The royal physician Lord Dawson scandalously gave the dying king a lethal injection of cocaine and morphine to help him sleep, hastening the process so that His Majesty would pass in time for his
demise to be recorded in the more respectable morning papers, rather than the evening tabloids. His time of death was recorded as 11:55 p.m. on January 20. George V’s body lay in state at Westminster Hall and was interred in St. George’s Chapel at Windsor on January 28.

The Prince of Wales, now Edward VIII, came to the throne on a tide of popularity. He had served in World War I, so it was expected that the veterans would like him. He was affable and charming and not hampered by a stammer. Yet George V had predicted, “After I am dead the boy will ruin himself in twelve months,” and he was not far off the mark. Edward made it clear early in his reign that he found his royal duties irksome and had no intentions of giving up his fast set of friends for a more staid circle of associates. There were greater concerns as well. Winston Churchill was troubled about the rise of fascism across Europe, and the king’s sympathy for Mussolini and the Third Reich. According to Lord Wigram, senior officials at Whitehall believed he was in the pocket of the German ambassador, Lord Ribbentrop. Insiders at Buckingham palace used the words “irresponsible” and “impractical” to describe the new king.

The most heinous crime of all, in the eyes of his government and his family, was Edward’s romance with Wallis Simpson, who was still married to her second husband when their affair began in 1934. Appalled that this brash American upstart was sleeping in Queen Mary’s bed at Balmoral and loudly discussing how the royal gardens should be rearranged, Elizabeth refused to accept her as Edward’s hostess. She resented the king’s shirking of his royal duties and responsibilities to accommodate “That Woman” instead. The duchess also resented seeing Wallis’s name at the top of the Court Circular with the Yorks’. From then on, whenever Mrs. Simpson’s name was mentioned, Elizabeth’s ordinarily twinkly blue eyes would harden and her smiling mouth would become tight.

But Edward was head over heels in love with Wallis. She was the one nonnegotiable element in the king’s life. On November 16, 1936, he summoned his prime minister, Stanley Baldwin, and informed him that he intended to wed Mrs. Simpson and make her his queen—just as soon as her divorce proceedings were concluded and she received her
decree nisi
. Duff Cooper, the Secretary of State for War, recalled Baldwin saying, as he passed the news to his colleagues, that
“he was not at all sure that the Yorks would not prove the best solution. The King had many good qualities but not those which best fitted him for his post, whereas the Duke of York would be just like his father.”
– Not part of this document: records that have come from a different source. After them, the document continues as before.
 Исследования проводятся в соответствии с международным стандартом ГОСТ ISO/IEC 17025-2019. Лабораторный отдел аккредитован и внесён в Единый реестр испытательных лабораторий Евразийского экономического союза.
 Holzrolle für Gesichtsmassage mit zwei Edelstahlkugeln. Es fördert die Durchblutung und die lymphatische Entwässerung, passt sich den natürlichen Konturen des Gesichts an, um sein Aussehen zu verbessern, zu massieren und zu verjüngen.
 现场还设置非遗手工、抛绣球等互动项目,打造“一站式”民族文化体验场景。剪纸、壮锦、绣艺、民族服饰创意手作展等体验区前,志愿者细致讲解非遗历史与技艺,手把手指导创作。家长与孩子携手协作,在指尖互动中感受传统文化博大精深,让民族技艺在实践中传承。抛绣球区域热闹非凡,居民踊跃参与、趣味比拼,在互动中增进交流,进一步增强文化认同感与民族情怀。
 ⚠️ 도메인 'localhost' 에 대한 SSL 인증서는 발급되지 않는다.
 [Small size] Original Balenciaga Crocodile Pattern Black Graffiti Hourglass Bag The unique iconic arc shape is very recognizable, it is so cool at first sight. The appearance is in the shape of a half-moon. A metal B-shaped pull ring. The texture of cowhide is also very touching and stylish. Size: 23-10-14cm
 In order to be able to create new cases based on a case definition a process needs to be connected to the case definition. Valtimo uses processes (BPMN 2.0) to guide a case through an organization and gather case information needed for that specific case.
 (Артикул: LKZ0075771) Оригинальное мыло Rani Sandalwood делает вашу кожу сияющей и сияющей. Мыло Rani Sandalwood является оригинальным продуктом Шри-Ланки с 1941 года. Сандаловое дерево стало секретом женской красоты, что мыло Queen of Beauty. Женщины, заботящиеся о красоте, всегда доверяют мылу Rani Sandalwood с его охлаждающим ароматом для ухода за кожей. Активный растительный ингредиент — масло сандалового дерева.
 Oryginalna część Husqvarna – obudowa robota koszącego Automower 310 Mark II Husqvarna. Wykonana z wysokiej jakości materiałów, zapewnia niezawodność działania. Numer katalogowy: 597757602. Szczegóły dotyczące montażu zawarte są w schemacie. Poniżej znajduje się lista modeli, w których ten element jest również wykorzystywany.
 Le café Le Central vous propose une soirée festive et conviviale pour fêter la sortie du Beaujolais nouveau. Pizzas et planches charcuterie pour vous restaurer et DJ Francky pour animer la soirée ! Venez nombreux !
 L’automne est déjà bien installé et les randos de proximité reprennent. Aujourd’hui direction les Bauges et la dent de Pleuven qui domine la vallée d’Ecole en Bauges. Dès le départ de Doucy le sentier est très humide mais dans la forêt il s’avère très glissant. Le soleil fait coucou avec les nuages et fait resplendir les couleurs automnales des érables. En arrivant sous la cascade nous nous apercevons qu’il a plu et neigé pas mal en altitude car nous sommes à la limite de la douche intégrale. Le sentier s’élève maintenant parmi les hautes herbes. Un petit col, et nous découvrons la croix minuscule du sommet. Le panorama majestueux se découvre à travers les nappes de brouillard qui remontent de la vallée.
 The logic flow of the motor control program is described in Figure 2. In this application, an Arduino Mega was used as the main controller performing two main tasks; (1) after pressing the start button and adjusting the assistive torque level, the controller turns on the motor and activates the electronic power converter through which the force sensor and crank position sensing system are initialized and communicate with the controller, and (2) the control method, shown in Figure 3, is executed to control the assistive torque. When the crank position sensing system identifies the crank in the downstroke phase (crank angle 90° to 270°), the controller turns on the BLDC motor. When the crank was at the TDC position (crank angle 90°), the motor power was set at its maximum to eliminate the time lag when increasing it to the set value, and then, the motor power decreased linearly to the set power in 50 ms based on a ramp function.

The childless Edward’s accession had made Bertie the heir presumptive to the throne, yet the king never took the duke into his confidence throughout the debacle known as the Abdication Crisis. The Yorks did not know what was on Edward’s mind until October 20, 1936, when his private secretary, Alec Hardinge, visited them at 145 Piccadilly, their London residence, to officially inform them of the possibility of Edward’s abdication and their succession to the throne. Elizabeth was incredulous at the news; Bertie was aghast. When the duchess saw her husband’s ashen face she grew even angrier at his irresponsible brother and
her
—his married floozy. How dared Edward consider abandoning his duty and leaving Bertie, clearly overwhelmed by the mere thought of it, to pick up the pieces?

On November 17, the king finally told the Duke of York of his intentions to abdicate if he could not marry Mrs. Simpson. After this bombshell, there was radio silence from Edward.